First, "love" is not so much the name of a personality trait, as shorthand for a narrative: death and resurrection ... "Love" can stand as shorthand for "death and resurrection" because, seen from faith's viewpoint, death and resurrection is what love concretely means ... The usual promises we make each other stop short because we except the condition of death, because we reserve self-preservation; but to promise myself is to try to give up this reservation. Therefore to love is to accept death: it is to give up my cautious claims to hang onto myself, in order that there shall be no checks at all to our creating a mutual world. All love says, "'Till death do us part."
Therefore love is a promise to promise unconditionally.

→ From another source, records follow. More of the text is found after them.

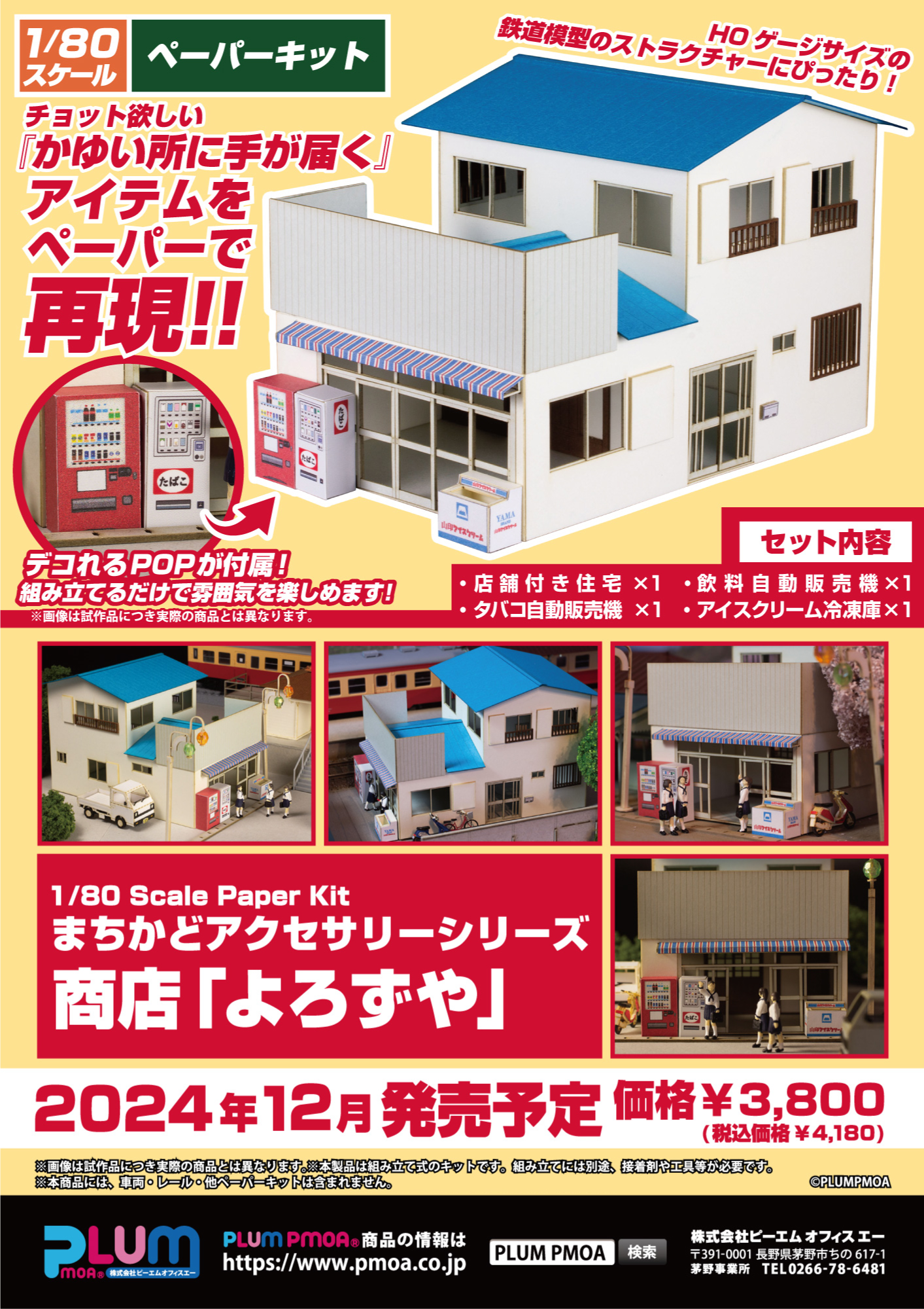 最新作は、まちかどで見かけたおじいちゃんやおばあちゃんが、テレビを観ながら店番をしていそうな懐かしい店舗付き住宅「よろずや」をラインナップ!
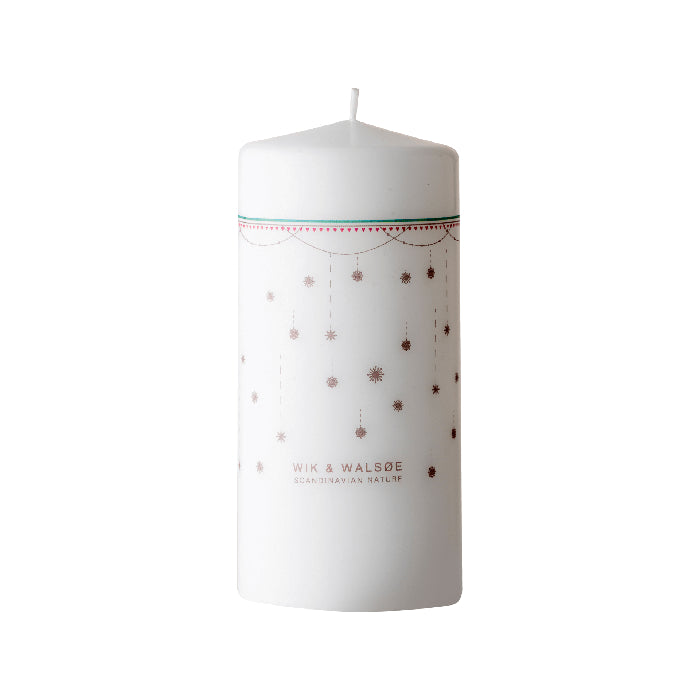 Julemorgen lys er dekorert med delikate hjerter, snøfnugg og girlandere.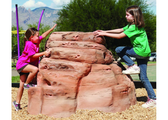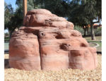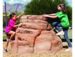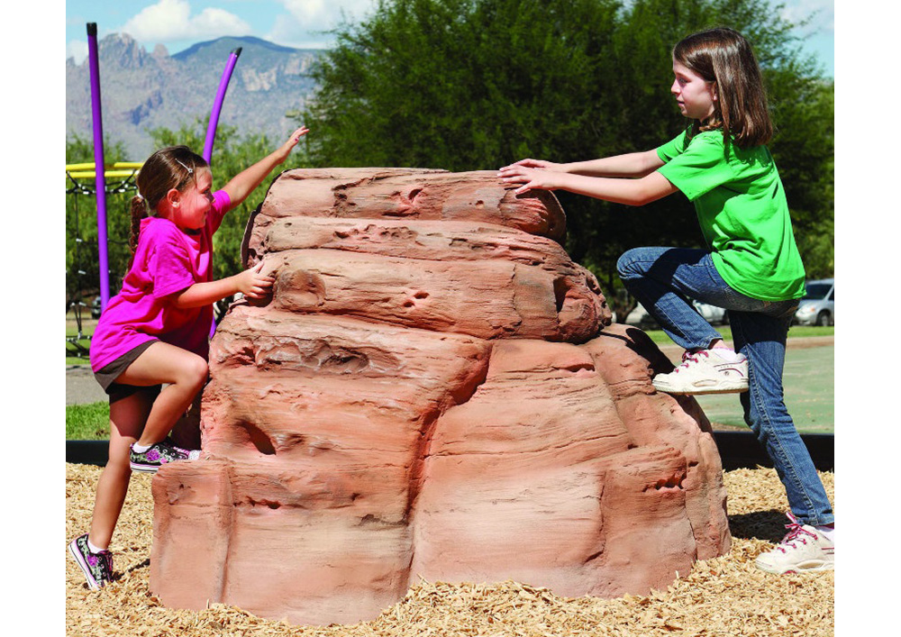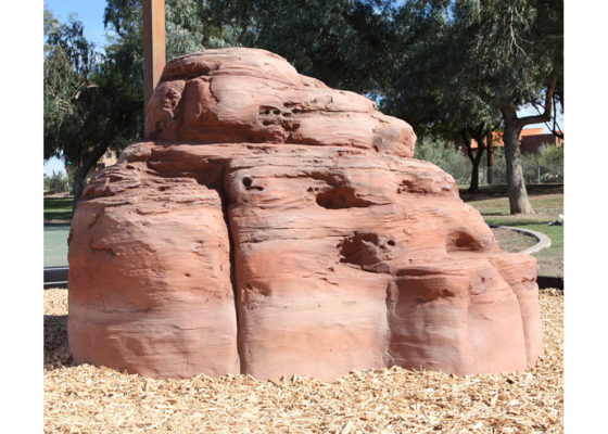 This Rust Sandstone colored NatureROCKS Small Boulder is a simple but functional structure for children to climb on, as well as a beautiful item of decoration which improves the aesthetic appeal of any playground. It is artfully modeled and designed to look just like real sandstone outcropping, although it is actually made from sturdy glass fiber reinforced concrete. It has a few small ledges which conveniently make it easy for even young children to climb, as well as a flat top that is wide enough to stand on. It is 3 feet tall at its highest point, and 6 feet by 5.5 feet at its base, making it large enough to accommodate two young climbers at once.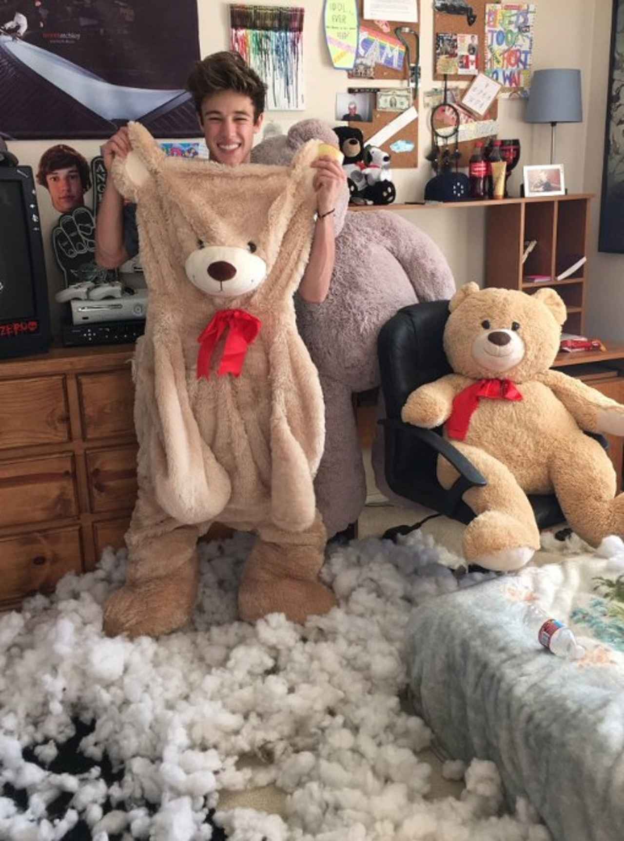 巨大テディベアの中身を全部出し、中に入って踊るという面白動画を公開。©Cameron Dallas/ Twitter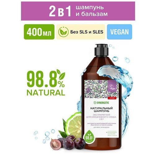 Бессульфатный шампунь SYNERGETIC «Экстрамягкий для ежедневного ухода 2 в 1» — эффективное средство для очищения кожи головы и всех типов волос — более чем на 98% состоит из натуральных компонентов.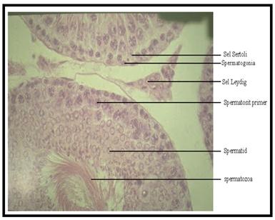 Sel-sel Leydig atau sel interstitial disebut menempati sebagian besar ruang antara tubulus seminiferus. Tubula seminiferus yang mengulung, ditutupi oleh lapisan epitel germinal yang bisa berisi sampai dengan lapisan sel. Testis kiri biasa tergantung lebih rendah dibanding testis kanan.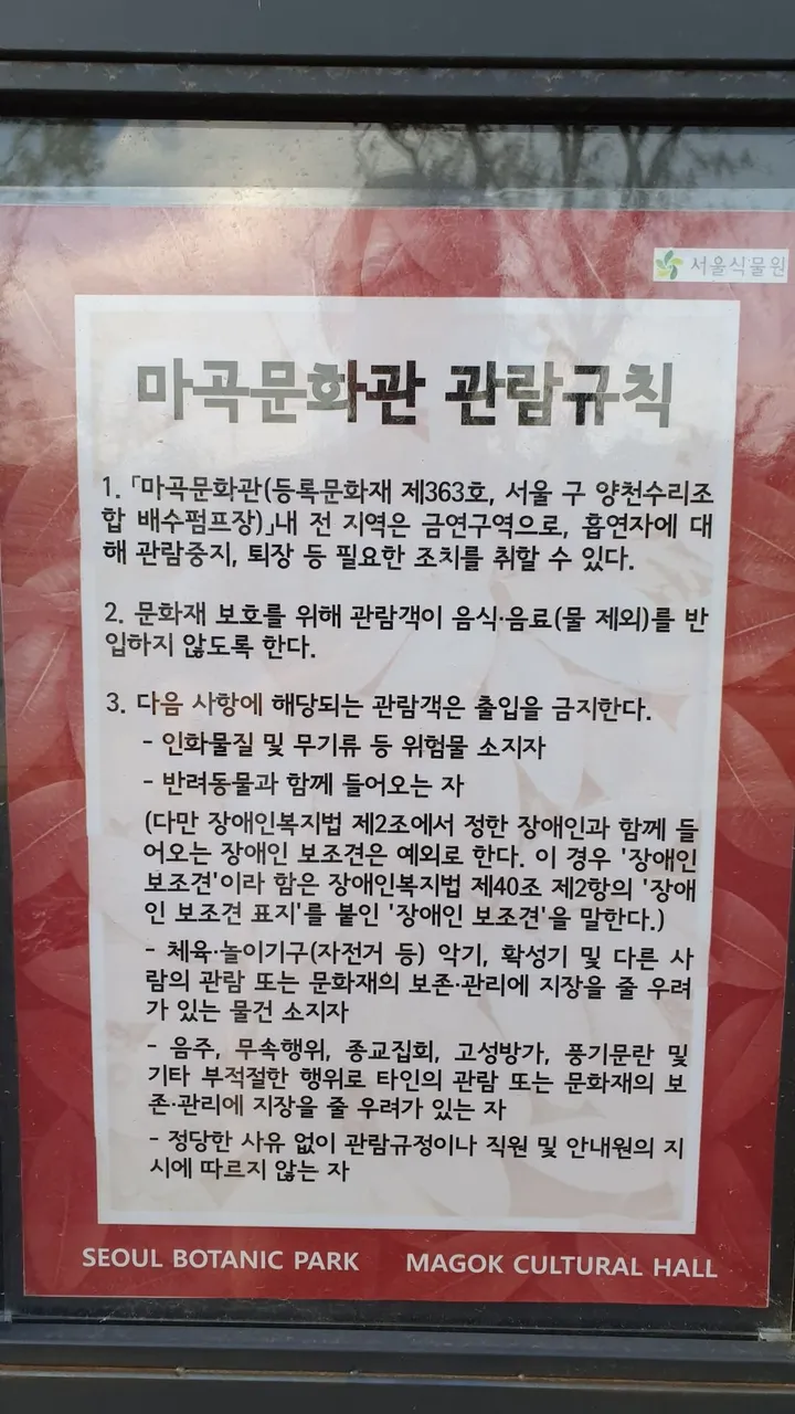 - 「마곡문화관(등록문화재 제363호, 서울 구 양천수리조합 배수펌프장)」내 전 지역은 금연구역으로, 흡연자에 대해 관람중지, 퇴장 등 필요한 조치를 취할 수 있다.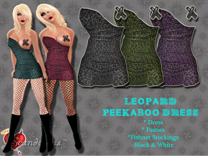 Scandalously sexy leopard print dress. Available in 5 colors. Sold separately in the vendor or the fat pack is on the wall.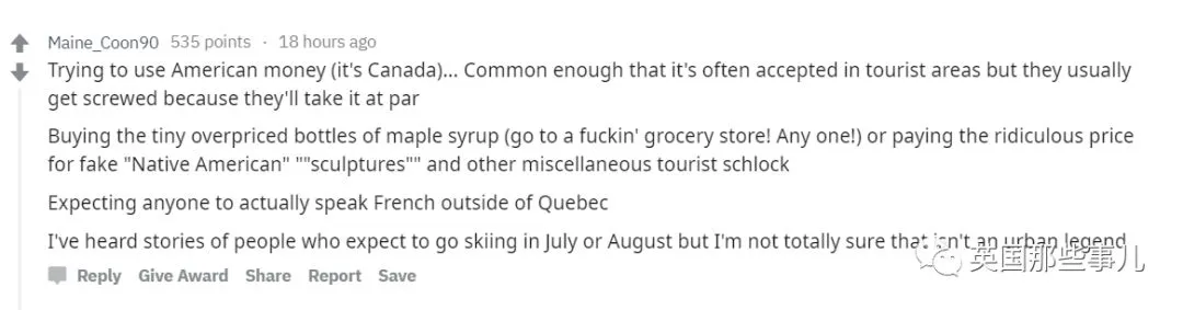 还有来加拿大花冤枉钱买那种所谓的小瓶枫糖浆,或者花钱买一些奇怪的纪念品,比如什么假的‘印第安人雕像’之类的。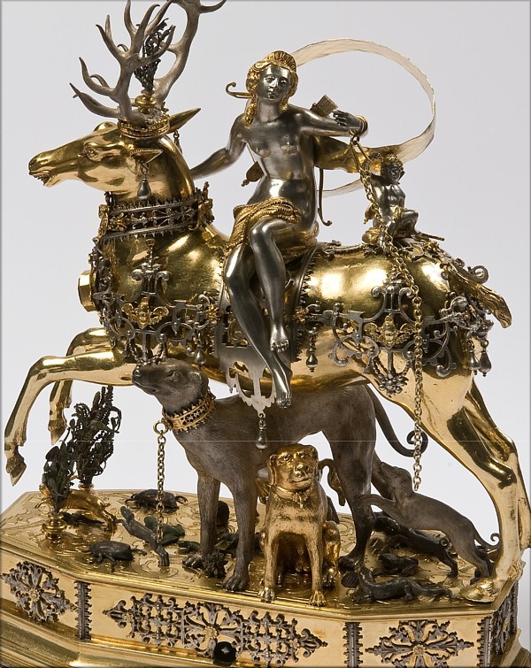 Joachim Fries Esta pieza cuenta con un mecanismo que le permite girar sobre sí misma. Representa a la diosa cazadora Diana montada en un ciervo. En la base vemos otros animales: perros, liebres, reptiles, escarabajos... Este singular objeto se utilizaba para agasajar a los invitados durante la cena y lleva las iniciales del artista que lo creó. Labrada en plata dorada, hierro, citrina y esmaltes, es una muestra de la alta calidad de la joyería de la ciudad de Augsburgo, donde fue realizada a principios del siglo XVII. |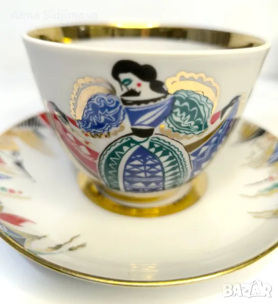 Двоен сет за чай "Карнавал". СССР, Ленинградска порцеланова фабрика (LPF),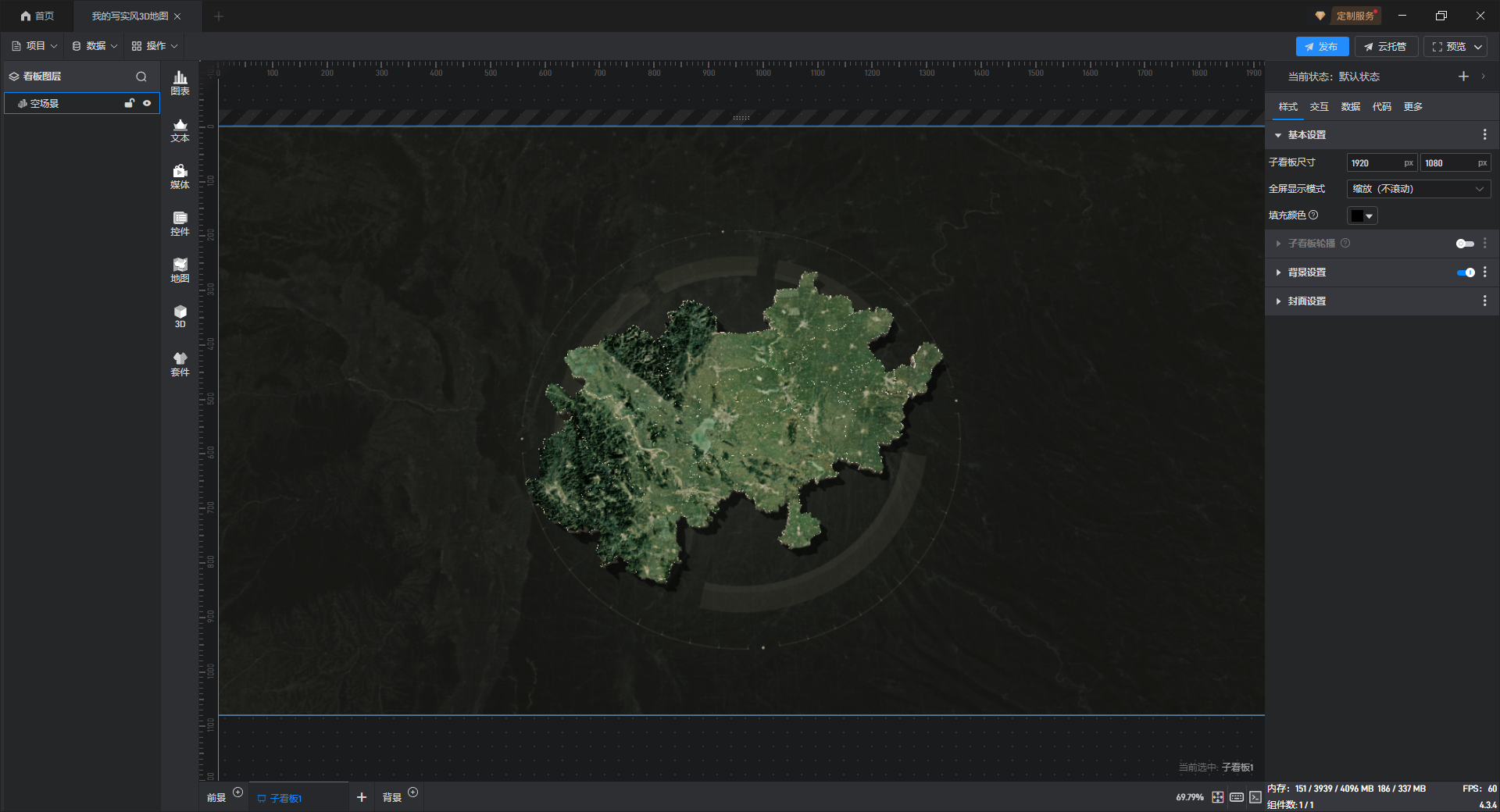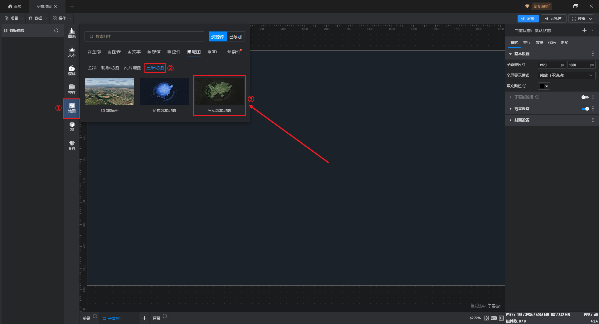 打开任意一个项目,在组件库中点击“地图-三维地图”,找到并添加写实风 3D 地图。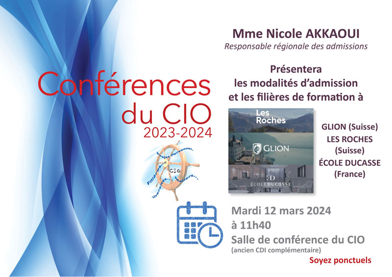 Mardi 12 mars 2024 à 11h40 - Salle des conférences du CIO (ancien CDI complémentaire)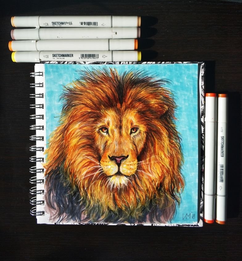 Лев маркерами

I said earlier that we cannot evade the condition of death, therefore that we can make no unconditional promises ... With love's promise of myself, this paradox becomes thematic. For if I give myself to my beloved, and from this acceptance of death in fact die, I am no longer there for anyone, including the beloved. and the gift is undone. Every radical attempt to love threatens itself with its own final defeat.
Love's self-defeat is well-known ... So we set out to be moderate in our loving--which is the same as hate. The identification of love and death, and the impossibility of love, are the great ineradicable motifs of the poetry of love.
Love could succeed only as death and resurrection ...
To say that Jesus--the content of his life assumed--died and rose again, is to say that there now exists one successful lover. "Jesus is risen" can be said: "A love has succeeded and will succeed"... And if we are to love, it will be when we are freed from having to hold on to our selves in order to survive. For now, there is a lover; and therefore we may now hope to love--which is more than enough.